Published: 2017-04-23


BACKGROUND: Coxa vara and pseudoarthrosis of the femoral neck after septic hip arthritis is a very rare disease. The aim of this study was to present a case with pseudoarthrosis of the femoral neck, with coxa vara after neonatal septic arthritis of the right hip, and treatment of the pseudarthrosis with proximal femoral valgus osteotomy.
CASE REPORT: A 12-month-old female, who had suffered neonatal septic arthritis with a five-day history of fever and painful right hip now demonstrated painless limping to the right hip, pelvic obliquity, Trendelenburg-Duchenne gait, limitation of hip abduction, lower-extremity length discrepancy with 3.0 cm of shortening of right femur, and walking on her tiptoes.
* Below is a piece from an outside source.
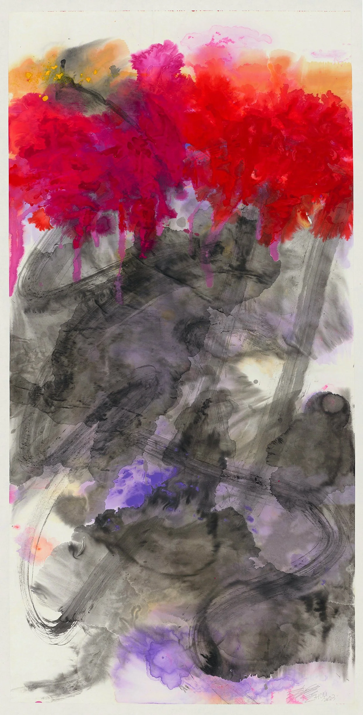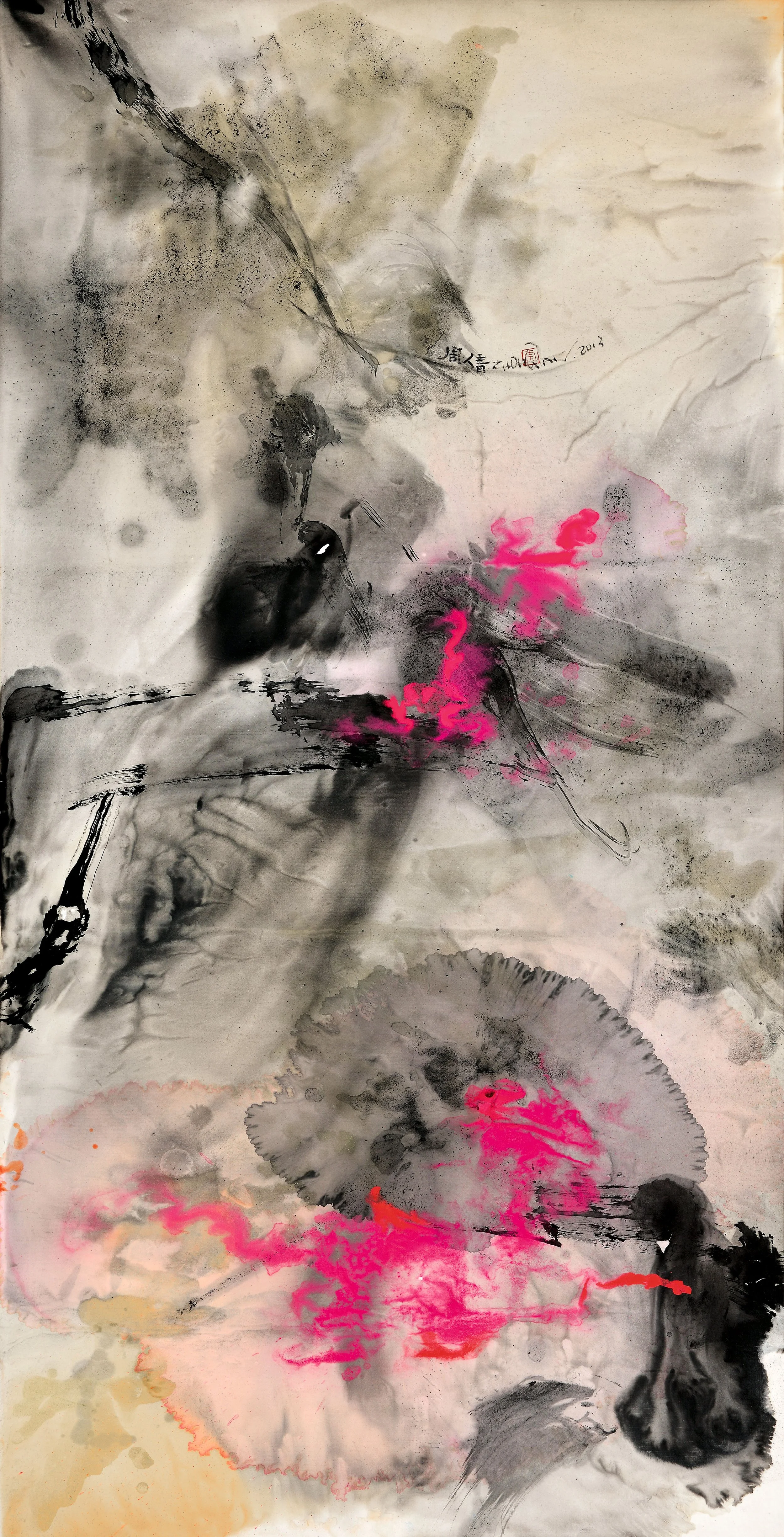 Blooming 2013 Acrylic and ink on paper 54.3 x 27.6 inches (138x70cm) Exhibit at Montparnasse Museum Paris 2013

In addition, a viable femoral head, coxa vara, and pseudoarthrosis of the femoral neck were observed. At the age of 26-months, the patient had a realignment valgus osteotomy of the proximal femur and adductor tenotomy was performed. At the last follow-up postoperative evaluation, at the age of four and a half years, the patient showed successful consolidation of pseudoarthrosis, correction of Trendelenburg gait, restored right lower extremity alignment, and corrected lower-extremity length discrepancy.
CONCLUSIONS: In the case of coxa vara and pseudoarthrosis of the femoral neck, realignment of the proximal femoral valgus osteotomy and bone grafting of the pseudoarthrosis resulted in ossification of the femoral neck as the epiphyseal plate was placed at right angle to the compressive forces.